Using such an app (or a mode/version of the app), businesses and other users would save a lot of time and other resources. We love constraints, training wheels, when they match our needs precisely and when we value interop and those guides more than having any new feature (when that feature would imply an inability to use the old tools to achieve maximum interaction with the documents, if perhaps a little more clumsily). A good set of precise features and no more is what we sometimes really crave for accomplishing certain tasks, goals. The value add comes in the ease by which the documents would be created or used.

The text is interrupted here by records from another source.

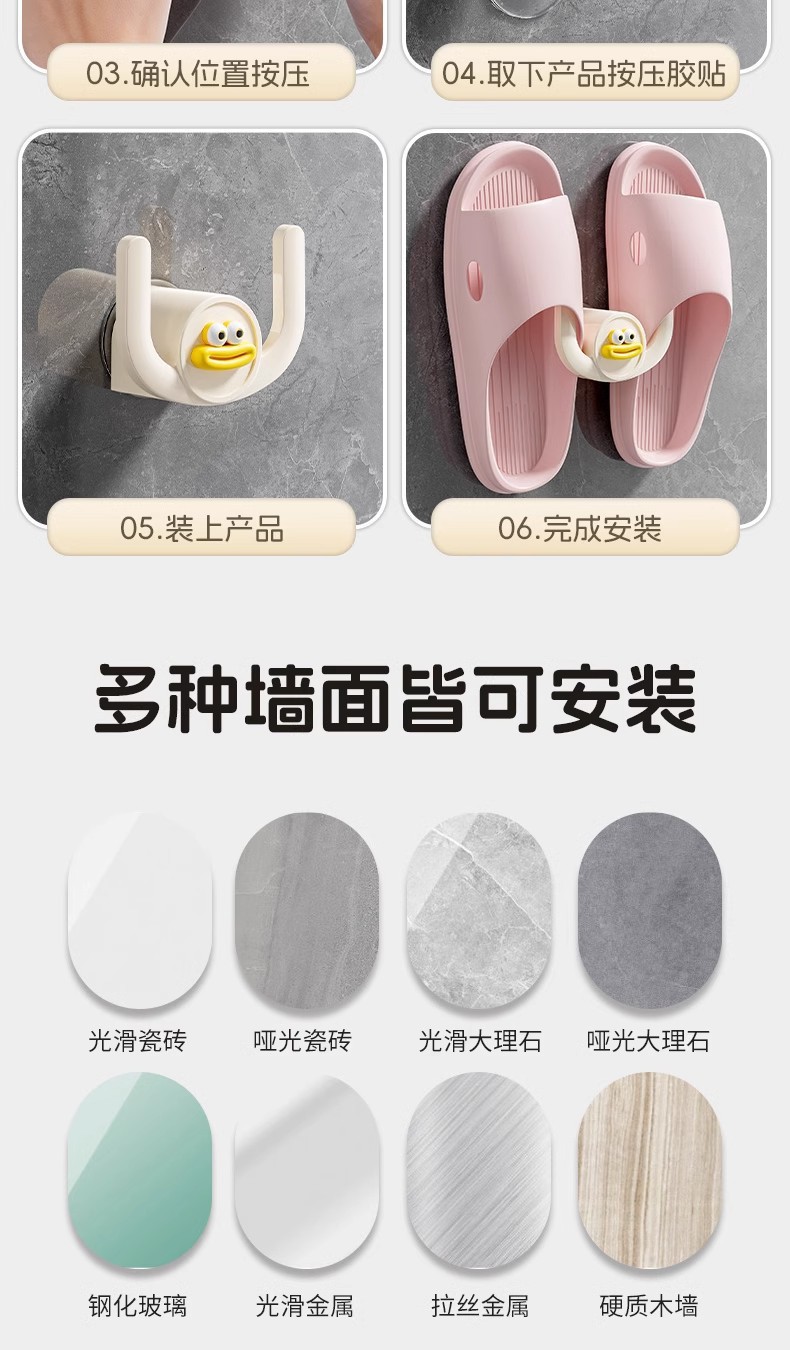 귀여운 욕실 슬리퍼 랙 벽걸이 형 랙 펀치없는 신발 화장실 보관 배수구 욕실 주방 보관 랙스토어 가기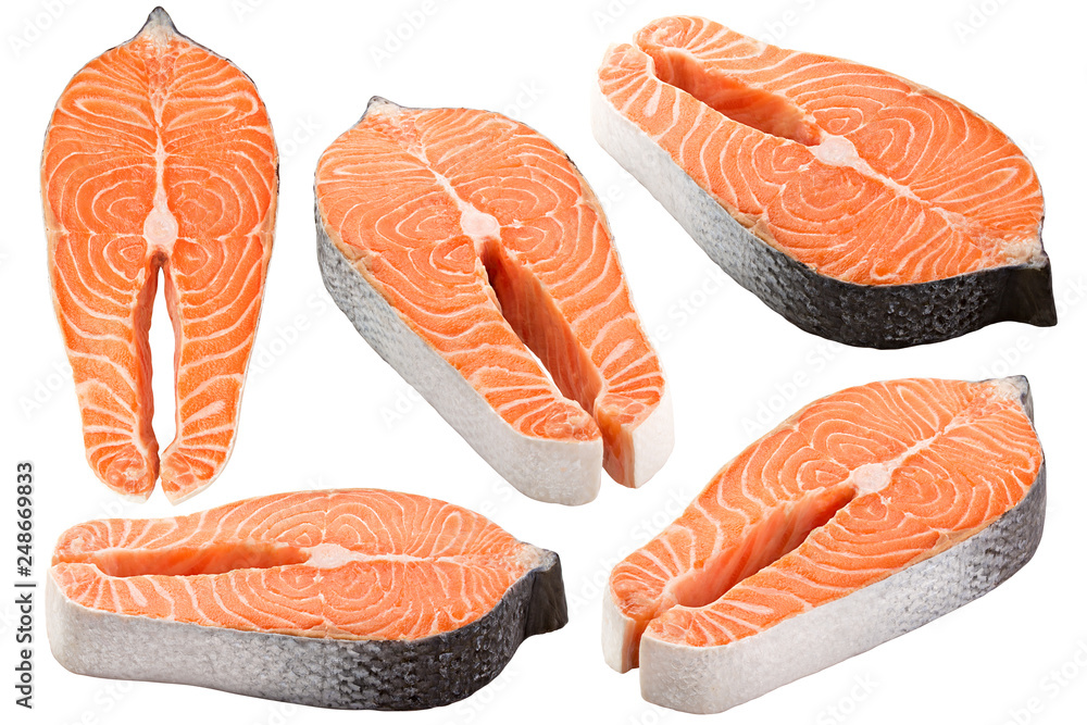 salmon, trout, steak, slice of fresh raw fish, isolated on white background, clipping path, full depth of field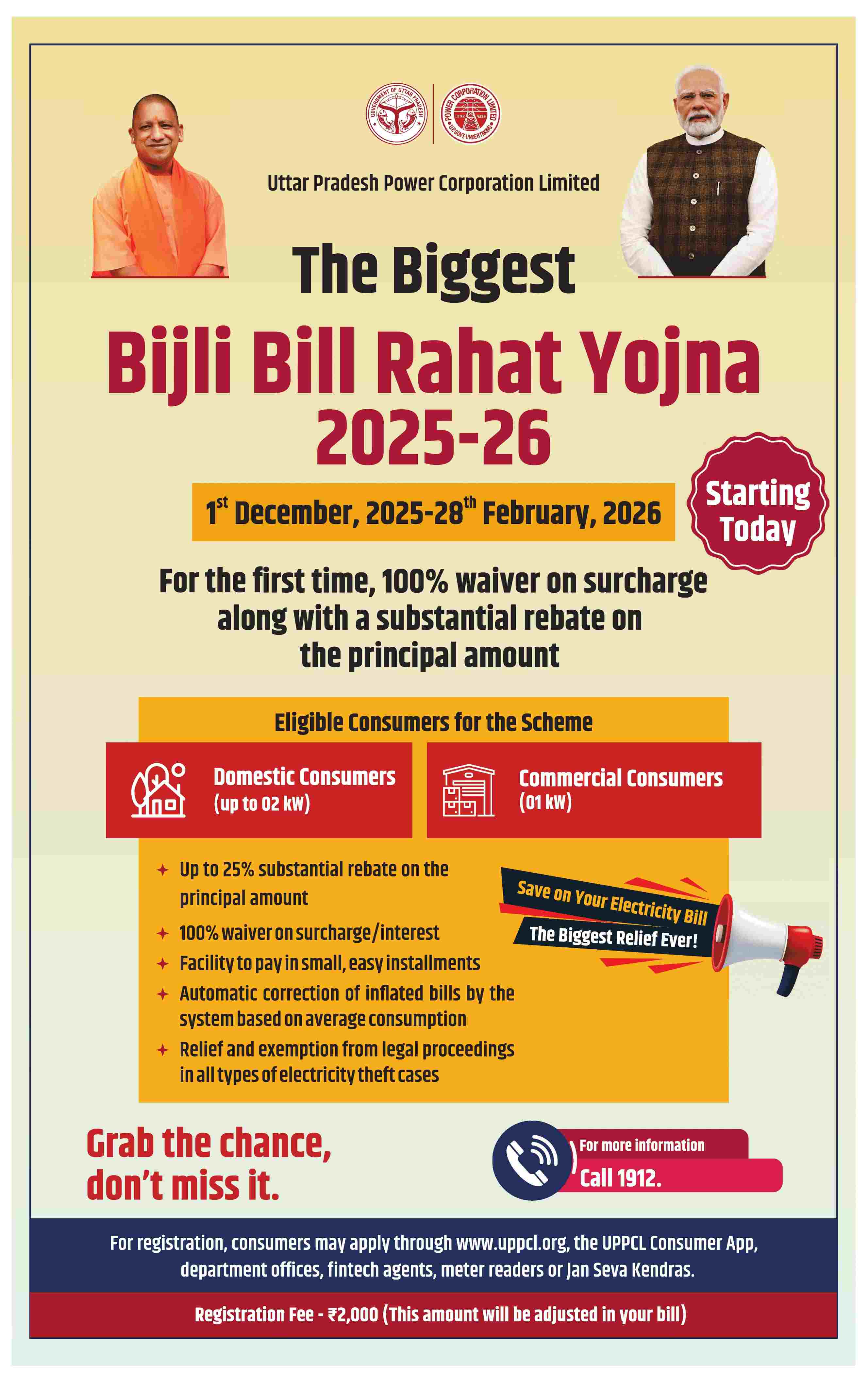 UPPCL has appealed to eligible consumers to take advantage of the scheme, calling it the “biggest electricity bill relief ever”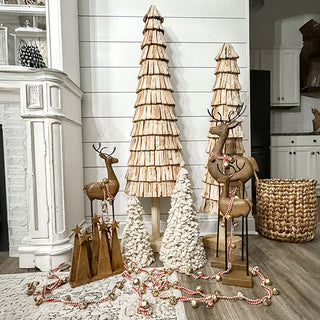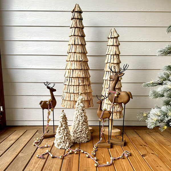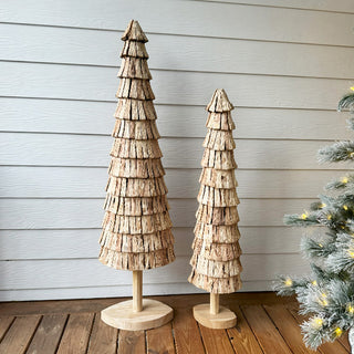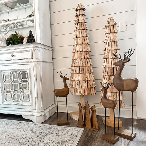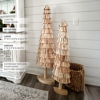 Add rustic elegance to your holiday decor with our Oversized Fir Wood Petal Christmas Trees, Set of Two. These striking trees, standing at 48 inches and 60 inches tall, bring a bold yet natural statement to any room. Their distressed texture adds a unique charm, making each piece one-of-a-kind.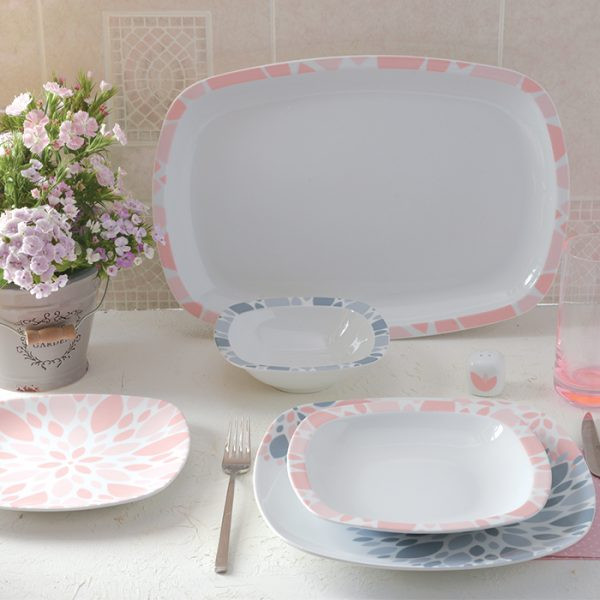 سرویس چینی 27 پارچه غذاخوری سلنا صورتی درجه 1 زرین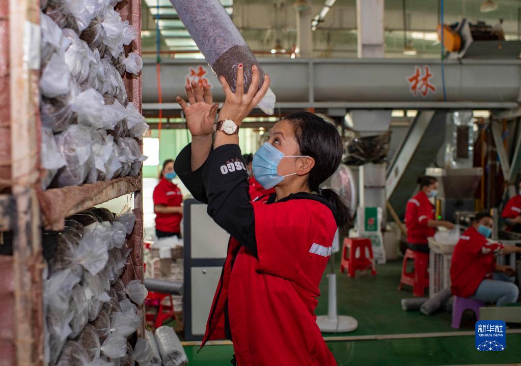 新疆墨玉县萨依巴格乡村民阿孜古丽?阿卜力提甫在当地一家菌业公司的菌种装袋车间工作(2020年9月22日摄)。(新华社记者 胡虎虎 摄)

In short, it would be analogous to nailing down the internal interfaces and data types of a software "application", eg, the Linux kernel (a great idea perhaps, but only within limited contexts) even when a new data reorganization might more efficiently allow new features to be added. So with this data freeze, we'd still be allowed new ways of doing things, but they would have to map to the existing data structure (to achieve compat/interop vs. maximum efficiency). This does have utility within the real world: trading interop and future compat against maximum efficiency and some capabilities/features (eg, like trading the ability to "legally" carry on extra session or document state against certain new capabilities). Is there a large market? The answer to that will affect how much ground is made (eg, by the TC and others afterwards) moving in the direction of creating very tight profiles.

Something like an ODF/Public profile might be able to (at least ODF "legally") guarantee that a set of documents would be readable at all times (and writable) by all citizens and other consumers using ODF/Public certified products.

Today, we might achieve most of the same results through backend processing and (if through webform) javascript or similar tools in order to keep the boundaries of the interactions very narrow (but capable enough). When you order online, you go through a very limiting and well-defined interface. It's a simple and well-defined set of transactions you are after. Ditto for b2b transactions, webservices, etc, as well as many other interactions within the business itself. Could products meeting very well-defined (and very inextensible) profiles eliminate the need to have a lot more business code? Yes, to some extent, always.

More importantly, is it realistic to spend the resources to nail down specific sets of requirements that could not be changed over time? I would say affirmative for many scenarios. It's really about creating a well-defined interface at some point in time, because in practice, you could upgrade to a new profile in the future, but having the earlier well-defined profile would help interop (new products and profiles would leverage the old)..  This is done today narrowly when a vendor retains backwards compat in their new products. By codifying this aggressively (ie, aggressively to essentially fix the feature set of the product class at profile version x) we could possibly achieve interop across these individual vendors. We'd effectively link up product X version x with product Y version y with product Z version z, etc.

So there are many scenarios to want these limits and precision. A product "mode of operation" might be how you achieve these (hopefully guaranteeable) profiles within products in practice. In practice, we may also end up with many more loosely defined plugin projects to add the more specific needs (through source code extension and odf profile extensions) for particular user classes. This would mean that in practice, people would get 90% of their needs tied down aggressively and then get the remaining 10% through a combination of various channels they trust (eg, through open source fast changing "works in progress" as well as through ultra flexible home-grown proprietary code).